Les hicimos saber que estaríamos muy complacidos al tenerlo. Firmamos los papeles y la encargada nos dijo: «Como saben, había muchísimas personas en la lista antes que ustedes. Tendrían que haber esperado mucho más tiempo todavía, aun cuando no hubiesen quitado sus nom­bres de la lista en aquella ocasión. Pero al ver las fotos de las familias candidatas, intentamos encontrar a la apropiada y no pudimos hacerlo. Repasamos una y otra vez las fotos de las personas que estaban antes que ustedes, pero con nin­guna de ellas nos sentíamos bien. Entonces llegamos hasta unos solicitantes relativamente nuevos, es decir, ustedes, los Cook, y sentimos que el Espíritu nos decía: ‘Poned al niño con ellos’. Por ese motivo les llamamos».

Éramos inmensamente felices al llevar al bebé a casa, el cual terminó durmiendo en el cajón de un armario durante las primeras noches, pues no teníamos ni muebles, ni ropa, ni mantas, ni nada de nada, ya que su llegada había sido totalmente inesperada.

¡Qué gran gozo tener por fin un hijo! Estoy seguro de que debemos haber sido los padres más felices de Mesa, Arizona. Él era nuestro hijo. Cerca de año y medio después, tras finalizar los trámites de adopción, tuvimos la dicha de llevarlo al Templo de Arizona para que fuese sellado a noso­tros por esta vida y por la eternidad. Por fin teníamos un hijo. Por fin estábamos encaminados a cumplir con el man­dato del Señor de multiplicarnos y henchir la tierra.

LAS PROMESAS SE CUMPLEN

Cerca de año y medio más tarde, tras seis años y medio de matrimonio, llegó nuestro primer hijo natural. Año y medio después llegó otro hijo. Entonces tuvimos una hija menos de dos años más tarde. Otra hija más bendijo nues­tro hogar tres años después. Luego tuvimos otro hijo que nació pasados dos años, al cual le siguió otro hijo cuatro años más tarde. Tres años después, nació otra hermosa hija. ¡Cuán bendecidos hemos sido con nuestros hijos!

Verdaderamente el Señor contesta las oraciones y cum­ple con todas Sus promesas. Él ha dicho: «Y cualquier cosa que pidáis al Padre en mi nombre, si es justa, creyendo que recibiréis, he aquí, os será concedida» (3 Nefi 18:20).

Qué ciertas son también las palabras de Moroni:

«Quisiera mostrar al mundo que la fe es las cosas que se esperan y no se ven; por tanto, no contendáis porque no veis, porque no recibís ningún testimonio sino hasta des­pués de la prueba de vuestra fe» (Éter 12:6).

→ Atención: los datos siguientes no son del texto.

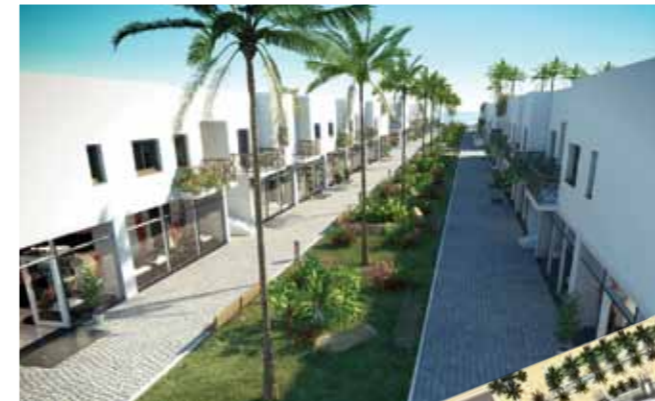
View of the boulevard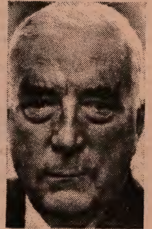
SIR ROBERT MENZIES . . . racist group patron.

Prominent Patriot rallies to cause of White Race Survival in Australia. (Below reprinted from "New Zealand Herald.")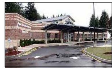
Puget Sound Kidney Center at Smokey Point

The Puget Sound Kidney Center currently has four not-for-profit free standing outpatient dialysis facilities. They have increased from 4 dialysis stations in 1981 to their current 86 stations, serving 426 patients who come in three times a week.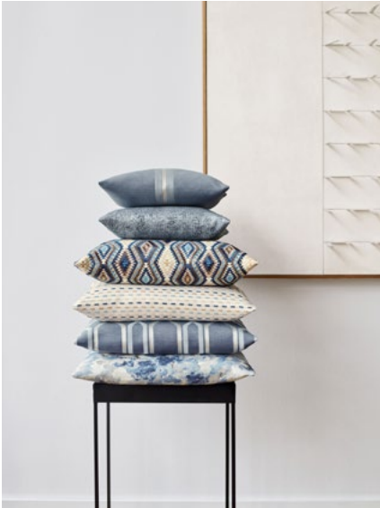
Cushions – from top to bottom Odea 1211, Toto 1214, Asset 1210, Effect 1215, Cone 1212, Smith 1213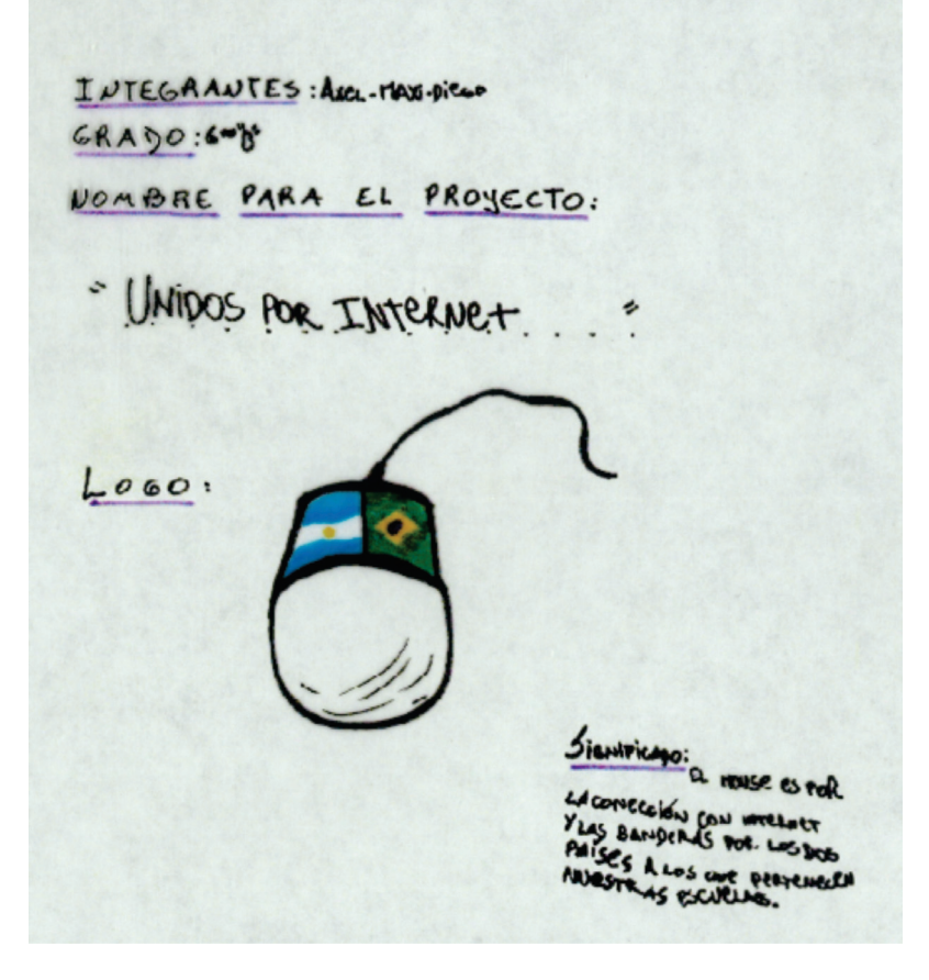
Figure 1. The joint logo as a sign of intercultural communication.

Alongside explicit learning projects like the one just mentioned, the entire internet is naturally accessible as an enormous knowledge and learning space with its databases, newsletters, search engines and discussion forums. Learners have countless possibilities to create a hypertext combining many different nuggets of knowledge on a topic which interests them. Hypertexts are individually created texts which can be changed at any point and which are geared to the individual needs of the learning subject. Knowledge in virtual space cannot be described as a static pyramid; rather it takes on the form of a dynamic network. It develops into a reading-writing continuum in which the roles of the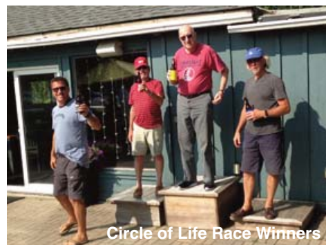
Circle of Life Race Winners

Look forward to seeing you all at haul out.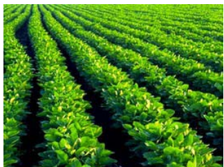
Soybean plantations are homogeneous agroecosystems.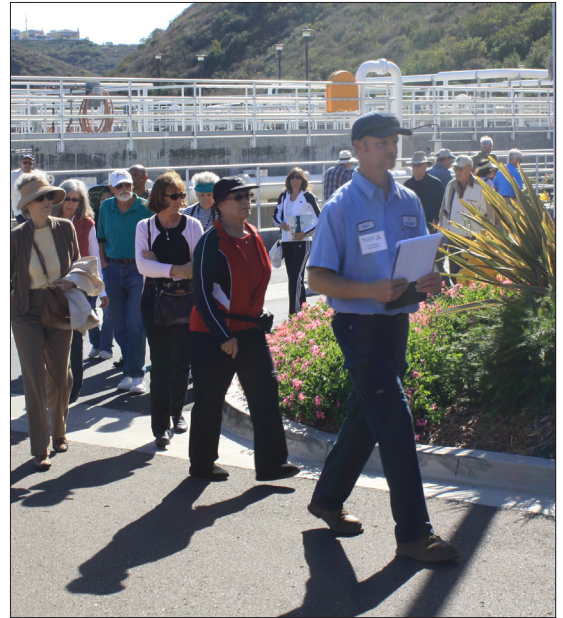
District staff takes customers on a tour of Meadowlark Reclamation Facility

In addition to these destinations, other tour highlights include seeing how specialized equipment is used in the field to keep the wastewater flowing, visiting the Water Operations Department's computerized control room to see how the District ensures that the drinking water is safe, and touring the Sustainable Demonstration Garden where participants will learn easy steps to conserve water. Various presentations will also be given at the beginning of the tour where participants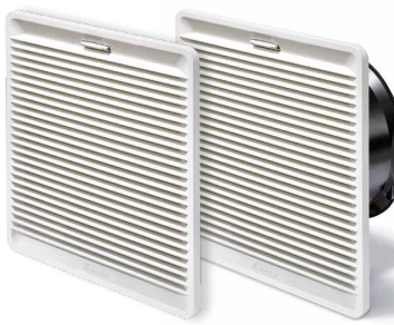
Type 7F.2x.x.xxx.4250 Type 7F.2x.x.xxx.4400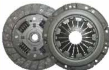
170mm Single Diaphragm Spring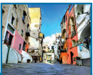
6. CASALE VASCELLO

Published by carte guide per You Know | © Cart&guide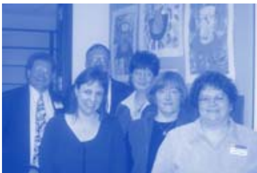
Accreditation Team On Site at Grace

The school houses 237 students from preschool through eighth grade and is mainly supported through parental contributions and fees, with significant support from the congregation. It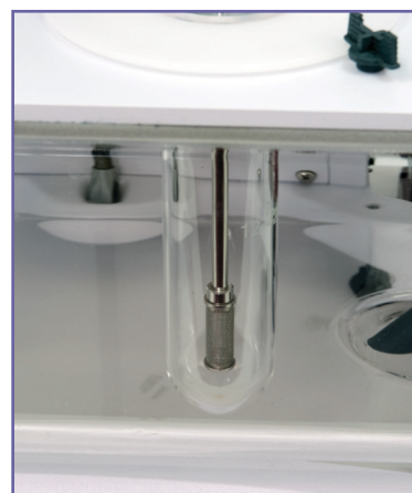
Model 2500 with Small Volume Basket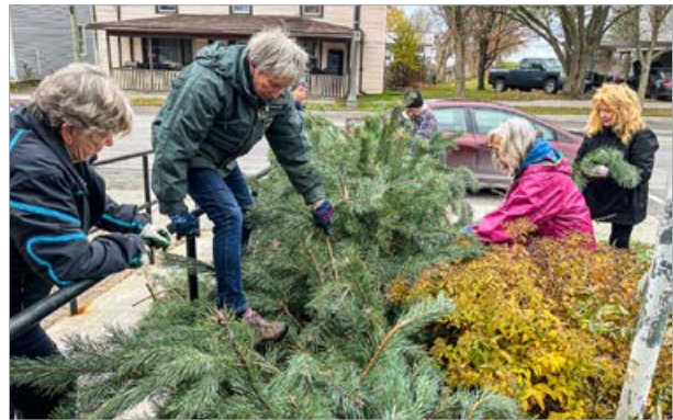
Decorating Bath for Winter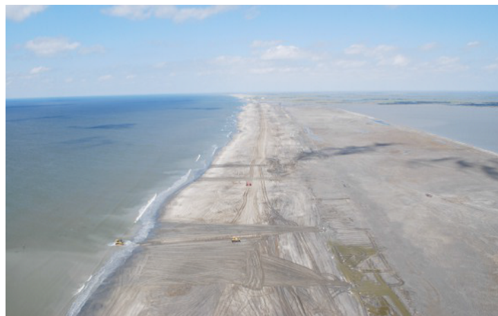
This photo shows the island after construction but before establishment of native beach, dune, and marsh vegetation.

This project is listed on Priority Project List 11.

Es cierto que «tras mucha tribulación vienen las bendi­ciones» (D&C 58:4).

Después de la prueba, resulta fácil ver cómo el Señor estuvo involucrado en una experiencia como ésta. Tengo la certeza de que el haber vivido el desafío de no tener hijos durante tantos años hizo que mi esposa y yo diésemos lo mejor de nosotros mismos para estar preparados cuando llegara el momento. Damos gracias al Señor por tener una buena familia, del mismo modo que creo que lo hace usted al pensar en su propia familia.

Testifico que el Señor cumple Sus promesas. Si hacemos nuestra parte, somos pacientes y guardamos los manda­mientos, el Señor contestará las oraciones concernientes a nuestra familia, y nos bendecirá en nuestro sagrado deber de criar a nuestros hijos de una manera celestial.